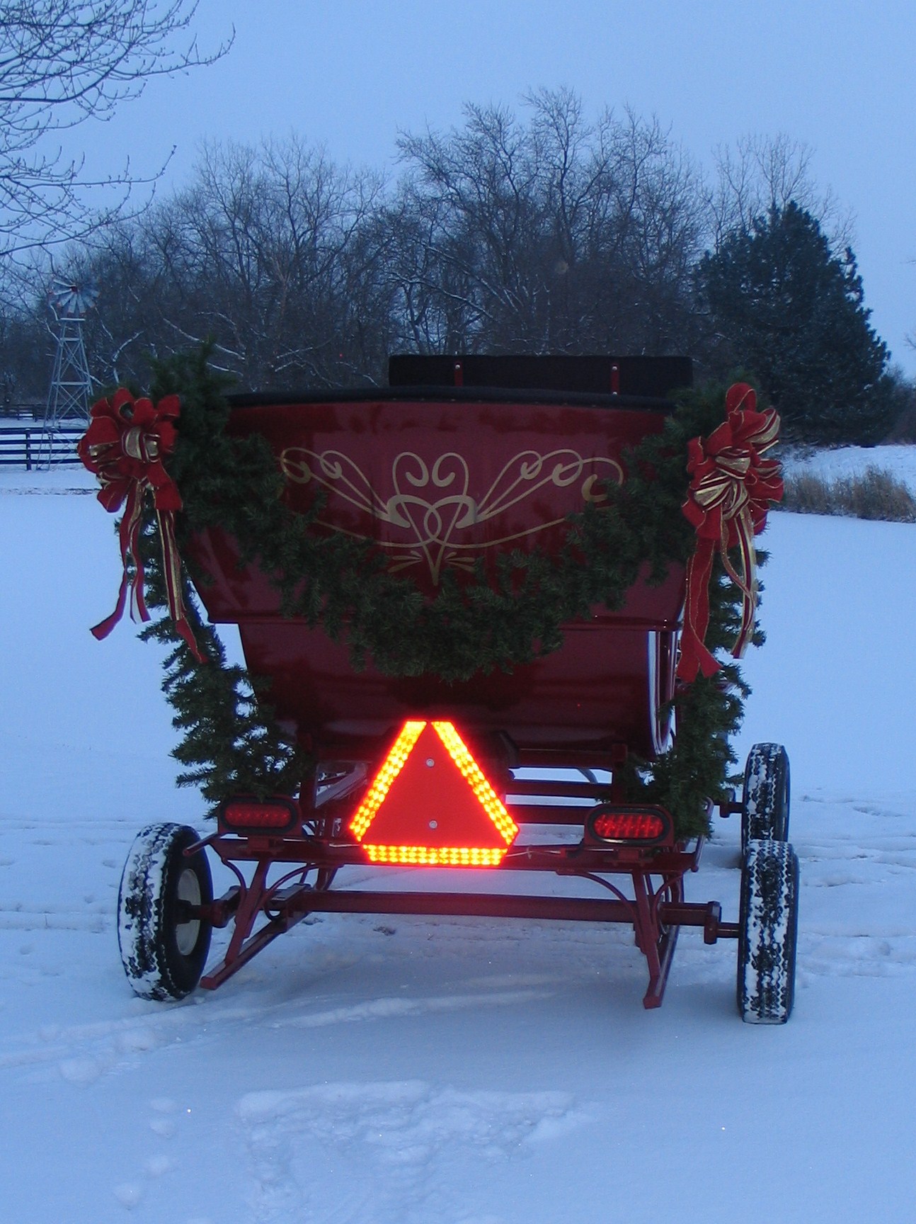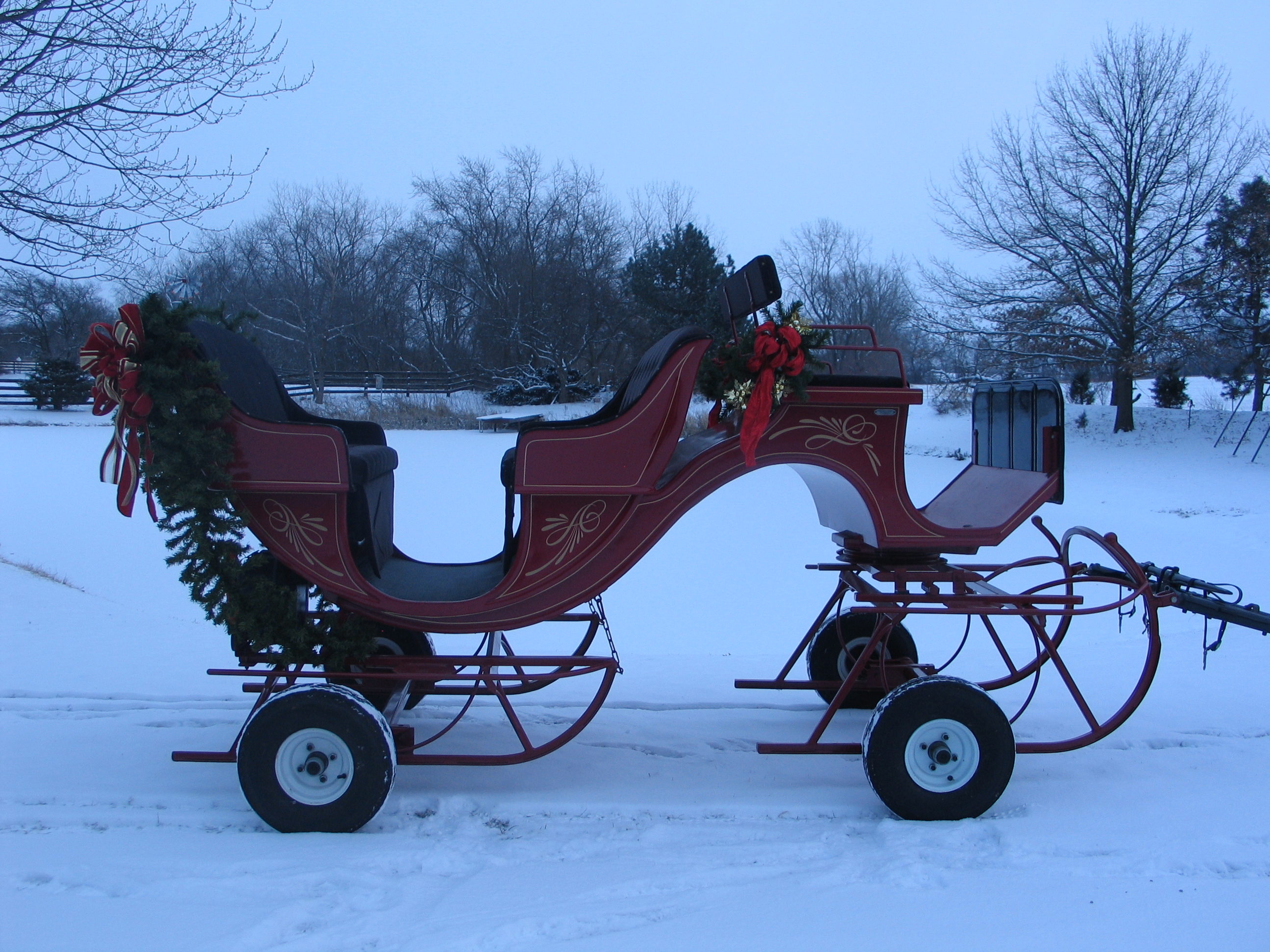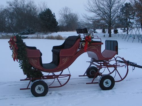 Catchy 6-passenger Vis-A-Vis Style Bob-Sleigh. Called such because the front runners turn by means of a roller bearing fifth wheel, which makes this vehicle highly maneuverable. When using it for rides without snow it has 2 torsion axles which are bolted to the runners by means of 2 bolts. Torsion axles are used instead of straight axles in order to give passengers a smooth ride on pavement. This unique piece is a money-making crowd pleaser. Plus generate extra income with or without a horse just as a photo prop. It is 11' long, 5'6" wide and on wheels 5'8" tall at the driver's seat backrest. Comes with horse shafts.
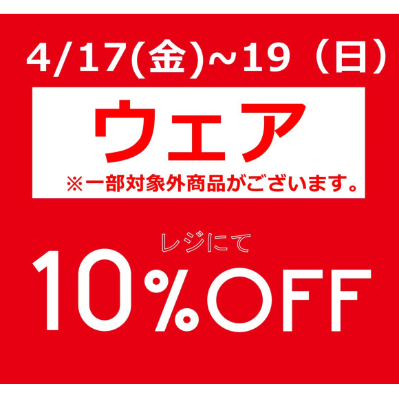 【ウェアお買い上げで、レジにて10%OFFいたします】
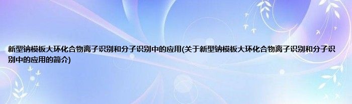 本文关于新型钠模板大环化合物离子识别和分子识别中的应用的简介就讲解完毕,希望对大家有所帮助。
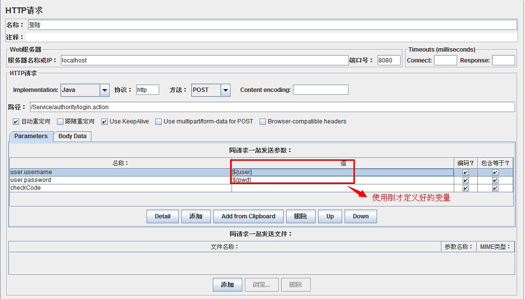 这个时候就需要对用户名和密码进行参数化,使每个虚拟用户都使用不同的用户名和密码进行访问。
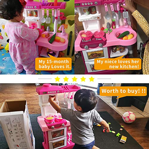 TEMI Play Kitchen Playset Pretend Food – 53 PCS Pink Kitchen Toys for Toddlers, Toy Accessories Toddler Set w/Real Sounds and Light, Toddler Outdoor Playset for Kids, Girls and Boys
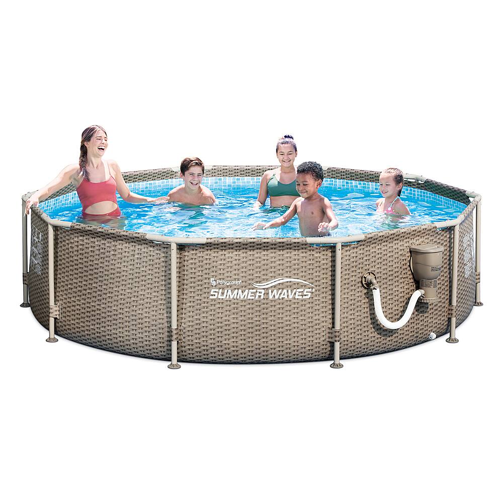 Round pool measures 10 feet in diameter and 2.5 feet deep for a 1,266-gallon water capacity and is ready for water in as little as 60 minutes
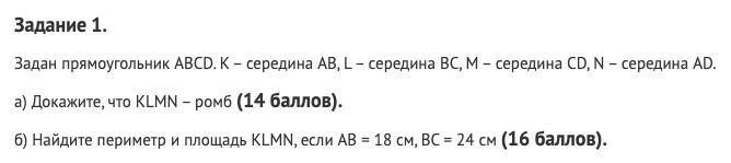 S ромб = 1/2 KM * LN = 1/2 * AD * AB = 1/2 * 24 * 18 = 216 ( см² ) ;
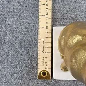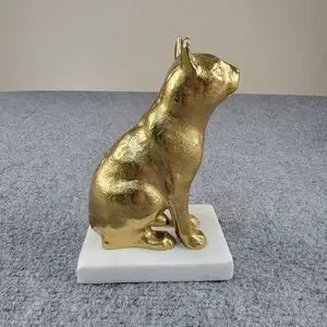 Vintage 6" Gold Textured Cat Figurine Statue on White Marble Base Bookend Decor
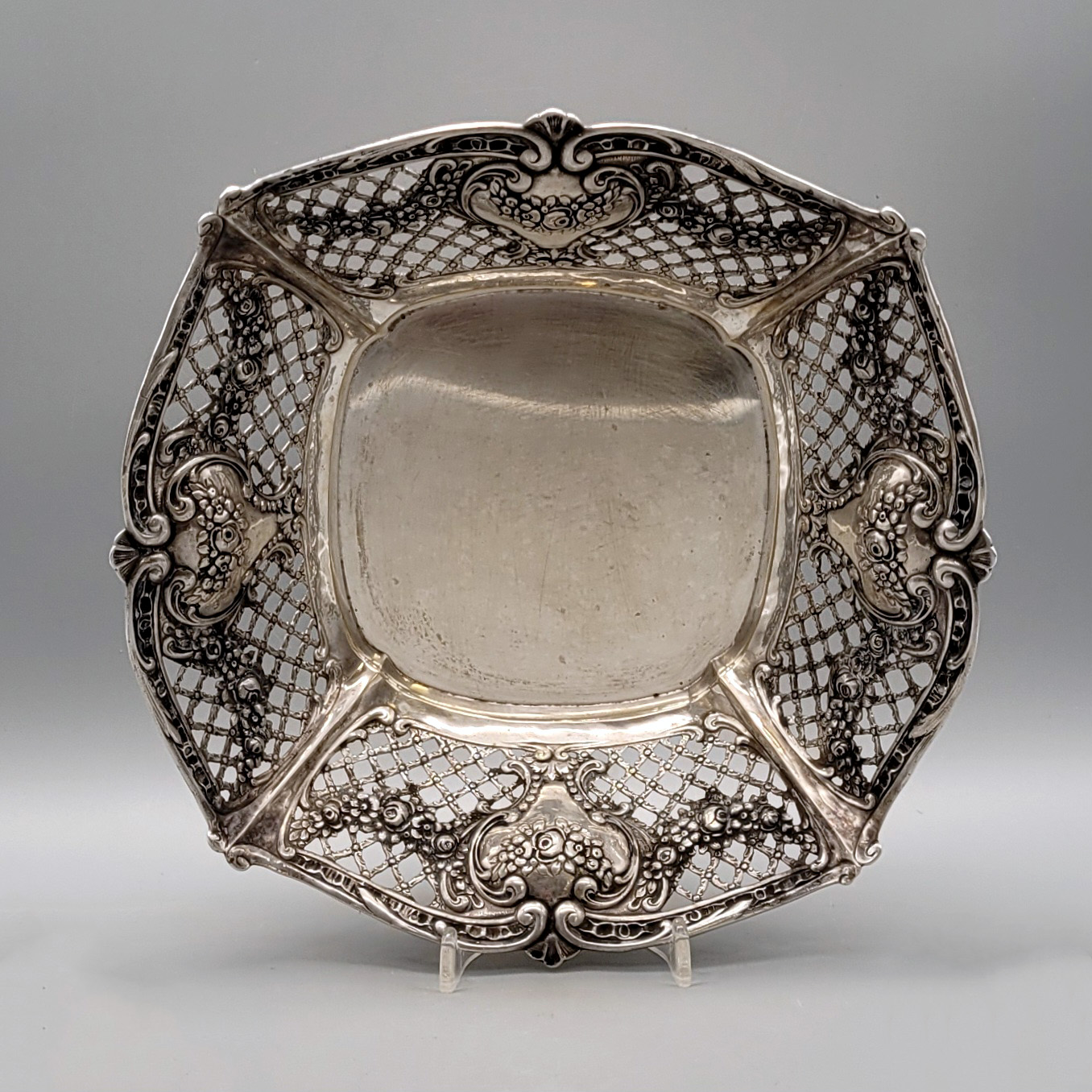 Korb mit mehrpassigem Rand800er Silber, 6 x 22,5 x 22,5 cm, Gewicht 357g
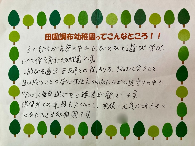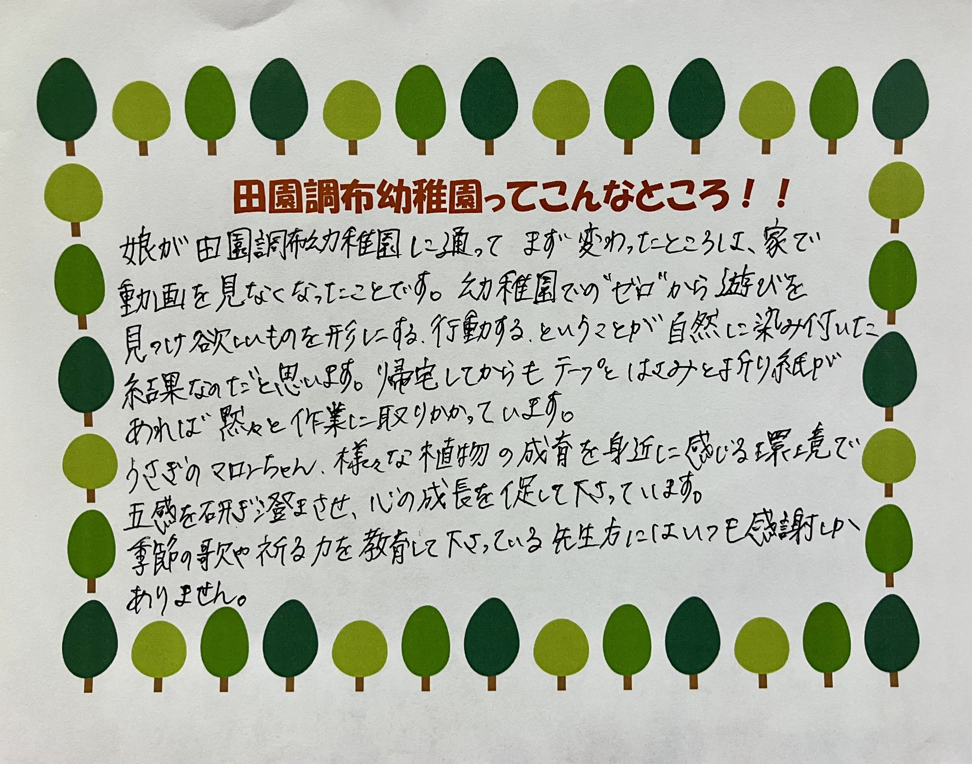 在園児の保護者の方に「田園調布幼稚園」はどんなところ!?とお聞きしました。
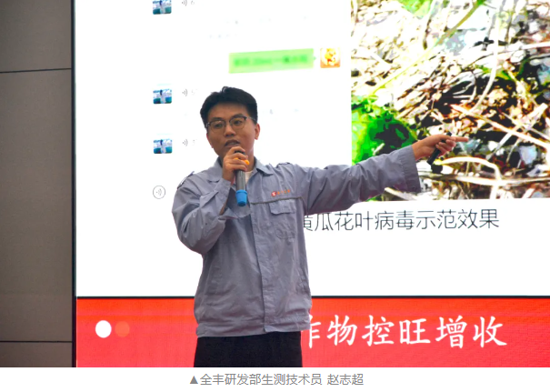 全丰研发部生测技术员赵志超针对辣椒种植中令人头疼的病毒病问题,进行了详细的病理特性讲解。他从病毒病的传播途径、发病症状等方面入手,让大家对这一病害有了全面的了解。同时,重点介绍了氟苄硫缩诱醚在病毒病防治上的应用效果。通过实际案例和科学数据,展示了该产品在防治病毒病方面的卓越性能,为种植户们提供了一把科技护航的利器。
########
YOUR INSTRUCTIONS: Retype the full listing exactly; pictures stay out.

RESPONSE AREA:
 Catchy 6-passenger Vis-A-Vis Style Bob-Sleigh. Called such because the front runners turn by means of a roller bearing fifth wheel, which makes this vehicle highly maneuverable. When using it for rides without snow it has 2 torsion axles which are bolted to the runners by means of 2 bolts. Torsion axles are used instead of straight axles in order to give passengers a smooth ride on pavement. This unique piece is a money-making crowd pleaser. Plus generate extra income with or without a horse just as a photo prop. It is 11' long, 5'6" wide and on wheels 5'8" tall at the driver's seat backrest. Comes with horse shafts.
 【ウェアお買い上げで、レジにて10%OFFいたします】
 本文关于新型钠模板大环化合物离子识别和分子识别中的应用的简介就讲解完毕,希望对大家有所帮助。
 这个时候就需要对用户名和密码进行参数化,使每个虚拟用户都使用不同的用户名和密码进行访问。
 TEMI Play Kitchen Playset Pretend Food – 53 PCS Pink Kitchen Toys for Toddlers, Toy Accessories Toddler Set w/Real Sounds and Light, Toddler Outdoor Playset for Kids, Girls and Boys
 Round pool measures 10 feet in diameter and 2.5 feet deep for a 1,266-gallon water capacity and is ready for water in as little as 60 minutes
 S ромб = 1/2 KM * LN = 1/2 * AD * AB = 1/2 * 24 * 18 = 216 ( см² ) ;
 Vintage 6" Gold Textured Cat Figurine Statue on White Marble Base Bookend Decor
 Korb mit mehrpassigem Rand800er Silber, 6 x 22,5 x 22,5 cm, Gewicht 357g
 在園児の保護者の方に「田園調布幼稚園」はどんなところ!?とお聞きしました。
 全丰研发部生测技术员赵志超针对辣椒种植中令人头疼的病毒病问题,进行了详细的病理特性讲解。他从病毒病的传播途径、发病症状等方面入手,让大家对这一病害有了全面的了解。同时,重点介绍了氟苄硫缩诱醚在病毒病防治上的应用效果。通过实际案例和科学数据,展示了该产品在防治病毒病方面的卓越性能,为种植户们提供了一把科技护航的利器。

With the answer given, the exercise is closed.